As well as providing the training data that is needed to train models, when using AutoML you can specify what type of model validation to perform. This model validation takes place during training, when automated ML uses validation data to tune model hyperparameters based on the applied algorithm to find the combination that best fits the training data. The same validation data is used for each iteration of tuning, which introduces model evaluation bias since the model continues to improve and fit to the validation data.

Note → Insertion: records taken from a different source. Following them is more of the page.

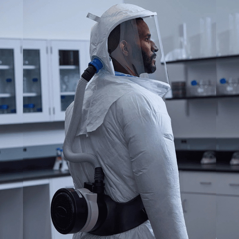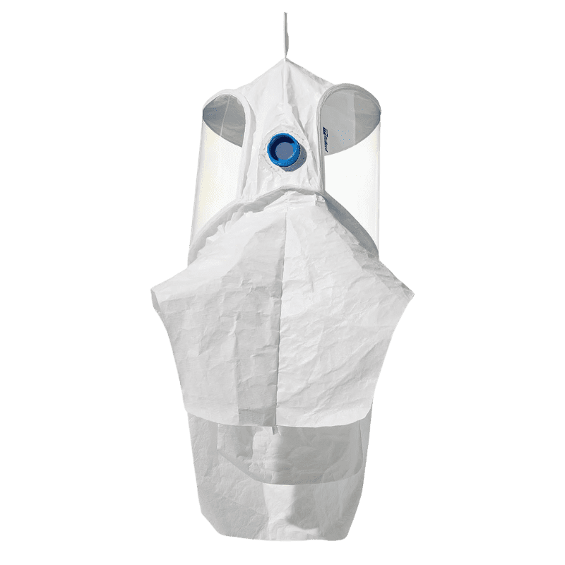 Capucha Sightline fabricada en Tychem® 2000 de Dupont con visión panorámica de 320º ininterrumpida. Especialmente desarrollada para aplicaciones en las áreas de biociencia, farmacéutica, investigación, medicina, biotecnología, entre otras. Diseñada para descansar sobre los hombros, Sightline es fácilmente ajustable para una óptima comodidad durante un uso prolongado. Incluye una manguera de aire flexible y un innovador canal de flujo de aire por la parte superior y costados de la capucha, que contribuye a prevenir la sequedad ocular y el empañamiento de lentes. Con su amplio espacio interior, se acomoda a una gran variedad de formas y tamaños de cabeza, perfiles corporales, peinados y el uso de barba. Utilizada en conjunto con respiradores turbo asistidos (PAPR), modelos EVA y EVAHL de Bullard, Sightline cuenta con la aprobación NIOSH. Factor de Protección Asignado (APF): 1.000.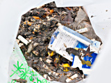 取材当日は2月末ということもあって、生垣の雑草も少なかったのですが、夏にはゴミ袋一杯になるほどの雑草を抜くこともあるそうです。また、ホテルの前は毎日清掃しているとあってきれいですが、排水溝を開け、お手製のザルで汚泥をすくうと、真黒な泥の中に目立って見えるのは、たくさんのたばこの吸い殻。この他にも生垣の中に、お茶のパックなどが捨てられていたりと、目につかないところにゴミはあるようです。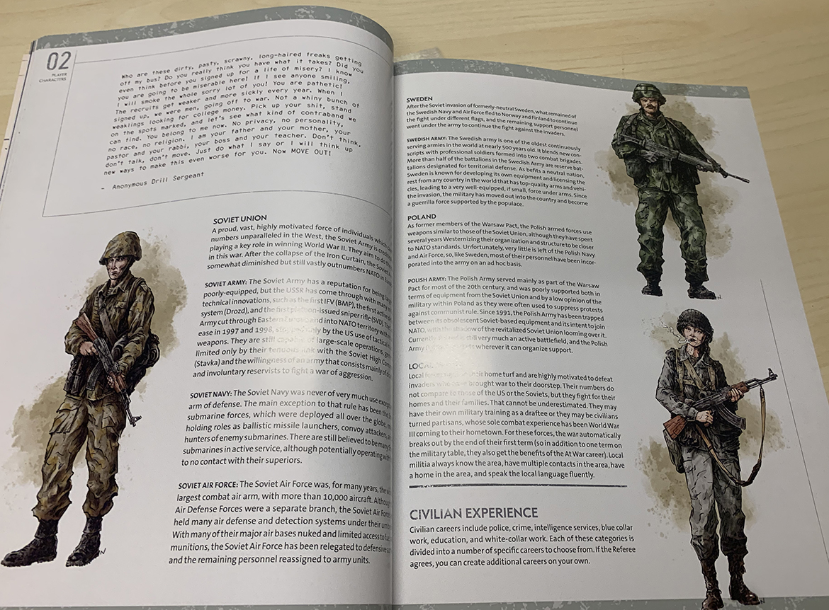 I spelet finns detaljerade beskrivningar som gör att du kan starta som Amerikansk, Svensk, Polsk eller rysk soldat och spelområdena som finns beskrivna är Sverige och Polen. Fast med ganska små medel kan du alltid anpassa din spel session till att utspela sig var som helst i Europa utan några större problem. Det finns som vanligt en uppsjö av olika karaktärer att välja mellan. Du kan starta som civilist som hamnat mitt i krigets fasor eller så kan du vara olika sorters soldater. Du kan även välja att börja spelet som en ganska ung karaktär som följt med en äldre släkting in i kriget.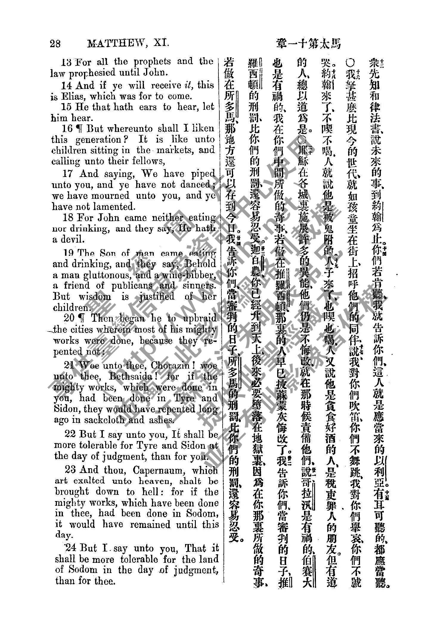 1885年新約全書 馬太福音 11 章 13 節到 11 章 24 節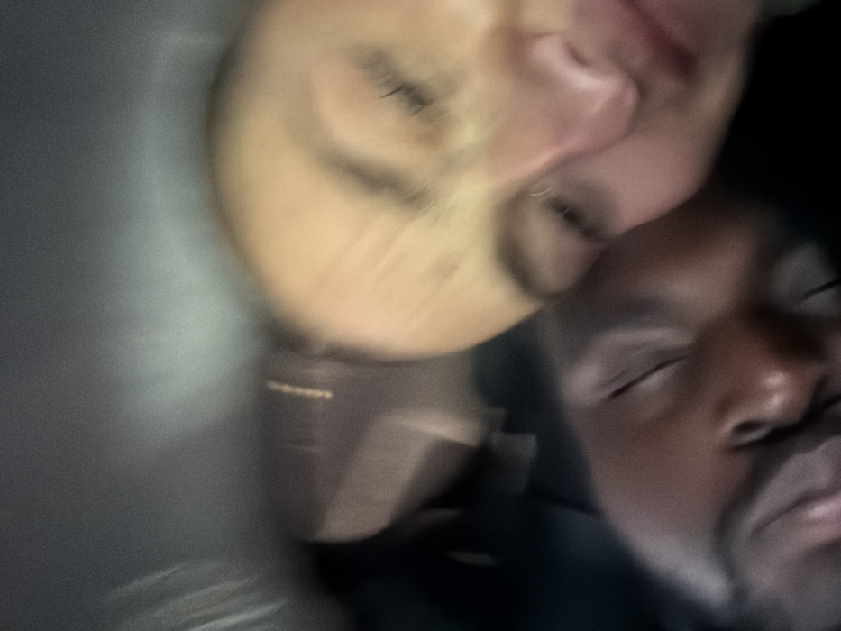 Two people, possibly a couple, are seen in a blurry, close-up image. One person has lighter skin and closed eyes. The other individual has darker skin and also has their eyes closed. The photo seems to have been taken at an odd angle and is blurry, making details difficult to discern.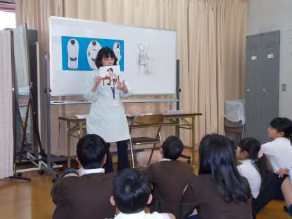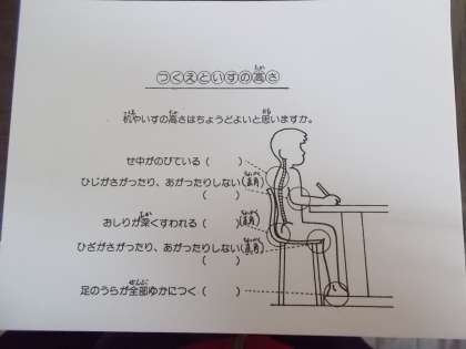 体重測定の時、1〜5年生は一人一人自分の学習中の姿勢をふり返るようにしました。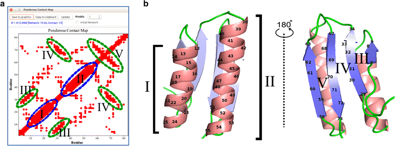 Contact Map is a Ponderosa Analyzer tool that assists with structural and spectral analysis of the protein. Because it displays inter-proton distances shorter than 5.5 Å, unlike maps that simply show Cα–Cα contacts, it can be used to predict cross peaks in NOESY spectra. a Contact Map displays patterns that identify secondary structure. b Cartoon representation of the 3D structure of the protein with secondary structural elements colored (Enhanced PyMOL commands @sc and @cs). Good agreement is seen between the secondary structural elements shown in a and b (I and II, alpha helices; III, parallel sheet; IV, anti-parallel sheet consisting of two strands far apart in the sequence; V, anti-parallel sheet consisting of two strands close in the sequence connected by a short turn)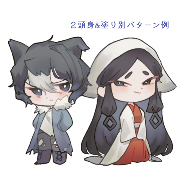 SDキャラは性別や人外問わず2~5頭身の間でご希望に合わせて制作いたします。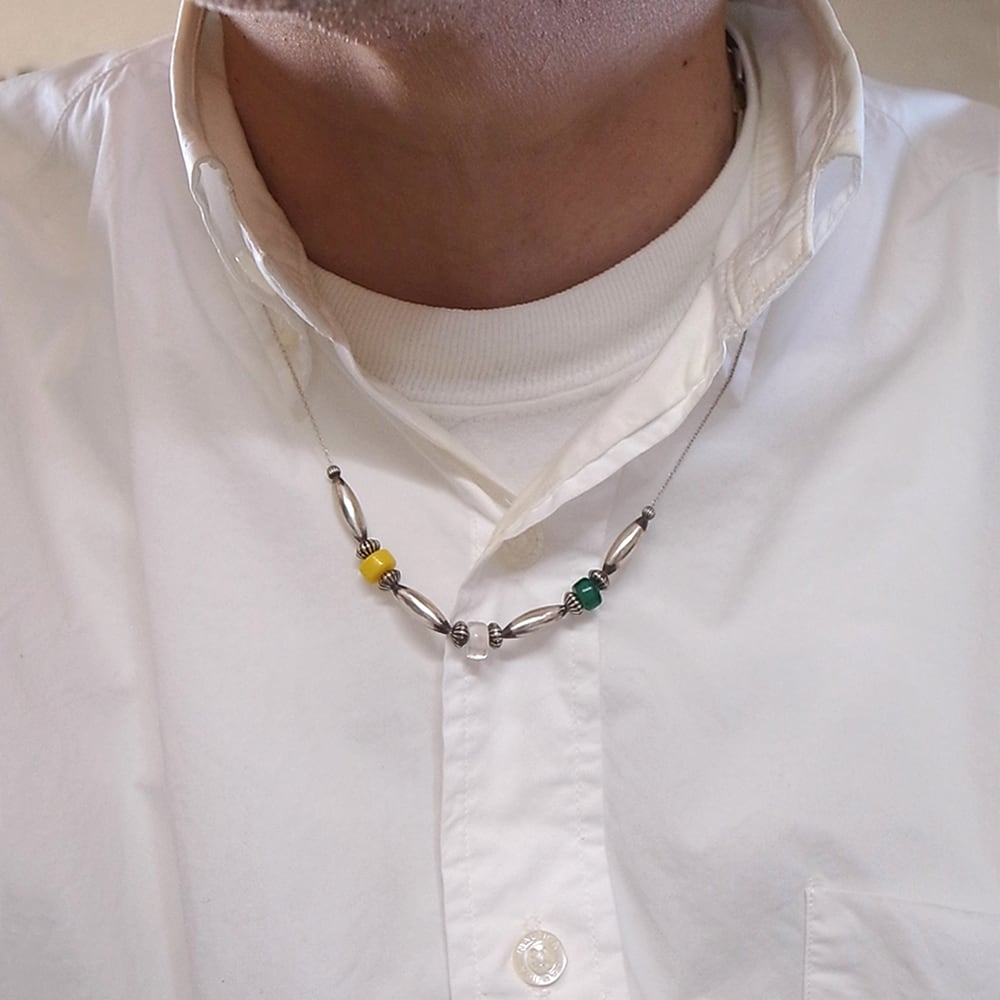 ナバホパールとビンテージホワイトハーツビーズのコンビネーションネックレスになります。

To help confirm that this bias isn’t applied to the final model, during final model evaluation AutoML supports the use of test data to evaluate the recommended model that emerged from your experiments. This happens by default at the end of your experiment.

Feature engineering

Feature engineering is the process of using domain knowledge of the data to create features that helps an ML algorithm to learn better.

For example, some solutions enable scaling and normalization techniques to be applied during feature engineering, and these techniques are referred to as featurization.

For automated machine learning experiments, featurization is applied automatically — but customization is also possible based on your data. As part of this process, AutoML can also be used to help prevent over-fitting and imbalanced data in your models.

Additional feature engineering techniques, such as encoding and transforms, are also available.

It’s worth noting that AutoML featurization steps (for example, feature normalization) become part of the underlying model. When using the model for predictions, the same featurization steps applied during training are applied to your input data automatically.

Ensemble models

AutoML supports ensemble models, which improve machine learning results and predictive performance by combining multiple models, rather than using single models.

AutoML uses both voting ensemble and stacking ensemble methods for model combination:

  • Voting method: Predicts based on the weighted average of predicted class probabilities for classification tasks, or predicted regression targets for regression tasks.

  • Stacking method: Combines heterogeneous models and trains a meta-model based on the output from the individual models. The current default meta-models are Logistic Regression for classification tasks and ElasticNet for regression or forecasting tasks.

The Caruana ensemble selection algorithm with sorted ensemble initialization decides which models to use within the ensemble.

At a high level, this algorithm initializes the ensemble with up to five models with the best individual scores, and verifies that these models are within a 5% threshold of the best score to avoid a poor initial ensemble.

Then, for each ensemble iteration, a new model is added to the existing ensemble and the resulting score is calculated. If a new model improved the existing ensemble score, an ensemble update takes place to include the new model.

Conclusion

As this article has given you a deep dive into AutoML, you’re now ready to get started with automated machine learning tools and benefit from how they:

  • Improve model performance.

  • Enhance accessibility through user-friendly interfaces.

  • Offer end-to-end solutions for the entire machine learning lifecycle.

AutoML democratizes the machine learning model development process and empowers its users, and it’s time for you to discover how it can give your business a head start.

FAQ

What are the main benefits of AutoML?

AutoML models automate resource-intensive iterative tasks, giving you time to focus on more complex or rewarding jobs. AutoML can automate the end-to-end machine learning process and machine learning pipeline, and resulting ML models can save a developer considerable time and resources and provide insight for future developments.